WHAT TO PRODUCE:
Skip the pictures and repeat each line of the data exactly.

RECORDS PROVIDED:

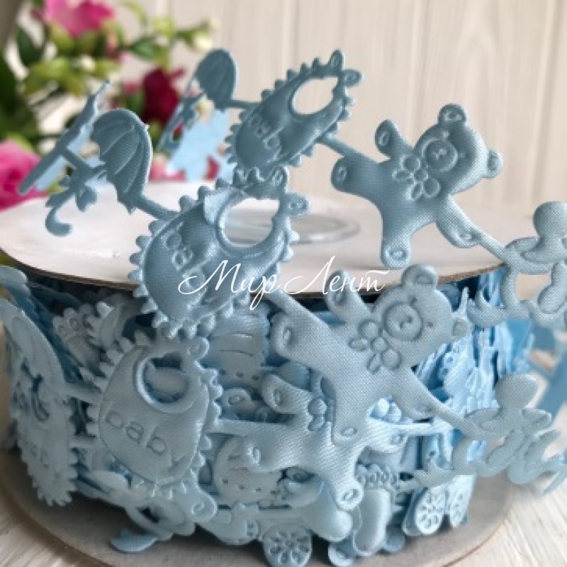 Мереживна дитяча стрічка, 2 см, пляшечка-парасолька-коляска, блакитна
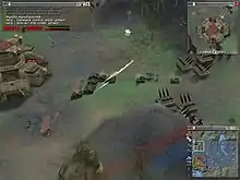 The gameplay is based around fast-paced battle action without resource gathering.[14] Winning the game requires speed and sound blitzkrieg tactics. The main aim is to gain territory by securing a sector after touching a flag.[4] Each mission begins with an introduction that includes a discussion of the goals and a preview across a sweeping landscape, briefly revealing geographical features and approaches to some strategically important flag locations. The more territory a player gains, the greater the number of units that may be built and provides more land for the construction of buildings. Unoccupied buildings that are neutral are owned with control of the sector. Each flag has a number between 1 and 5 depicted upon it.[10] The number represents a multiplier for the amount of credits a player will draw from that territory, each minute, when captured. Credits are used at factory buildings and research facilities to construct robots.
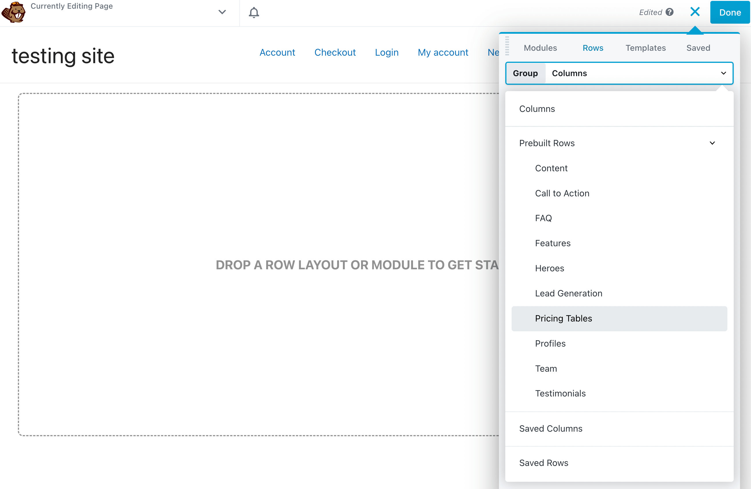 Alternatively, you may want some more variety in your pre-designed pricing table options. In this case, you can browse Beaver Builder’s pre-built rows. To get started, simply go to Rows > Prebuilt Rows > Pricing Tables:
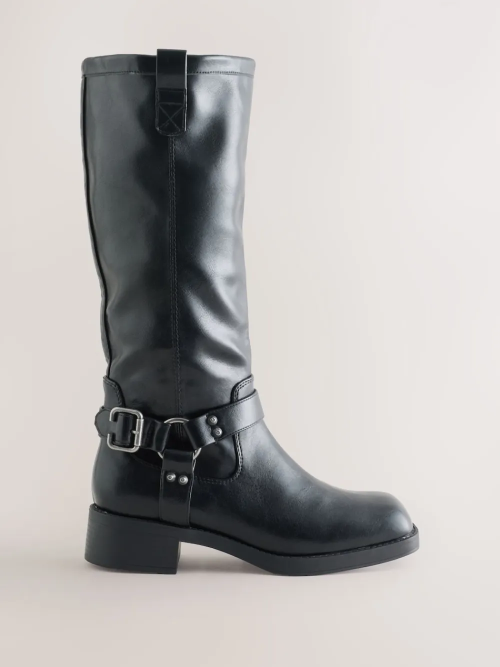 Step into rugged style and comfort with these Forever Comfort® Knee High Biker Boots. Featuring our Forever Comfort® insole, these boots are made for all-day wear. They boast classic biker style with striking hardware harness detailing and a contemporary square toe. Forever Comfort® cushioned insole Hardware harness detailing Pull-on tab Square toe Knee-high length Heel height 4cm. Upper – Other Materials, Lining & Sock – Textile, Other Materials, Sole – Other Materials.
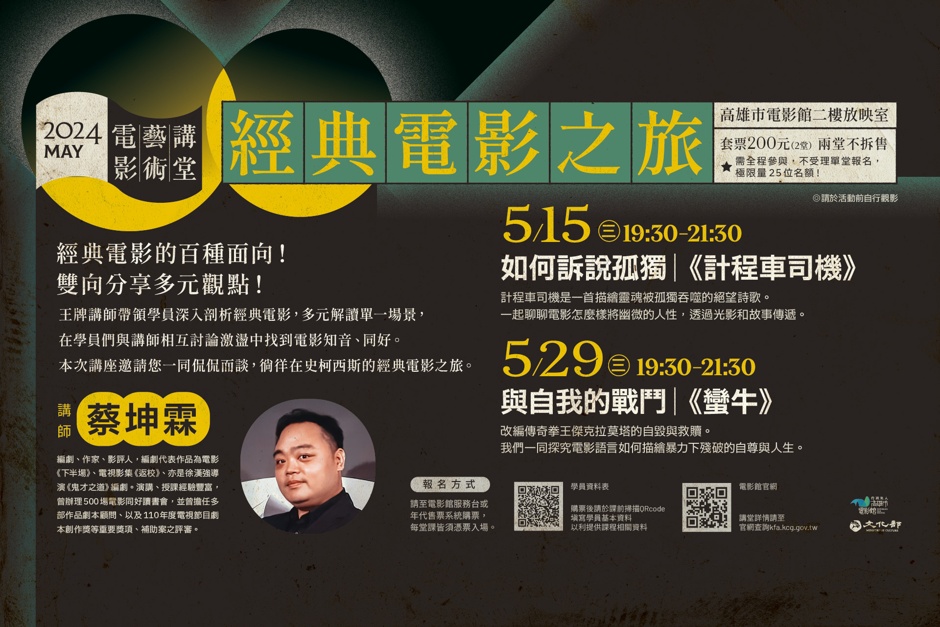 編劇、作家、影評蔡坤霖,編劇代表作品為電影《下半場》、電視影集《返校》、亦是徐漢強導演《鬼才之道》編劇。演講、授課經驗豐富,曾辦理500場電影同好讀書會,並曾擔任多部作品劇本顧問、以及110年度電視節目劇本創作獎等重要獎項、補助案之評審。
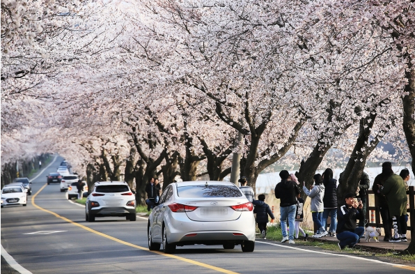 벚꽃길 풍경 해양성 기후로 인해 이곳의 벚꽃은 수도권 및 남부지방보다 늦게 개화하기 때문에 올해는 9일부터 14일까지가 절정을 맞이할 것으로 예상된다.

SOLUTION:
 Мереживна дитяча стрічка, 2 см, пляшечка-парасолька-коляска, блакитна
 The gameplay is based around fast-paced battle action without resource gathering.[14] Winning the game requires speed and sound blitzkrieg tactics. The main aim is to gain territory by securing a sector after touching a flag.[4] Each mission begins with an introduction that includes a discussion of the goals and a preview across a sweeping landscape, briefly revealing geographical features and approaches to some strategically important flag locations. The more territory a player gains, the greater the number of units that may be built and provides more land for the construction of buildings. Unoccupied buildings that are neutral are owned with control of the sector. Each flag has a number between 1 and 5 depicted upon it.[10] The number represents a multiplier for the amount of credits a player will draw from that territory, each minute, when captured. Credits are used at factory buildings and research facilities to construct robots.
 Alternatively, you may want some more variety in your pre-designed pricing table options. In this case, you can browse Beaver Builder’s pre-built rows. To get started, simply go to Rows > Prebuilt Rows > Pricing Tables:
 Step into rugged style and comfort with these Forever Comfort® Knee High Biker Boots. Featuring our Forever Comfort® insole, these boots are made for all-day wear. They boast classic biker style with striking hardware harness detailing and a contemporary square toe. Forever Comfort® cushioned insole Hardware harness detailing Pull-on tab Square toe Knee-high length Heel height 4cm. Upper – Other Materials, Lining & Sock – Textile, Other Materials, Sole – Other Materials.
 編劇、作家、影評蔡坤霖,編劇代表作品為電影《下半場》、電視影集《返校》、亦是徐漢強導演《鬼才之道》編劇。演講、授課經驗豐富,曾辦理500場電影同好讀書會,並曾擔任多部作品劇本顧問、以及110年度電視節目劇本創作獎等重要獎項、補助案之評審。
 벚꽃길 풍경 해양성 기후로 인해 이곳의 벚꽃은 수도권 및 남부지방보다 늦게 개화하기 때문에 올해는 9일부터 14일까지가 절정을 맞이할 것으로 예상된다.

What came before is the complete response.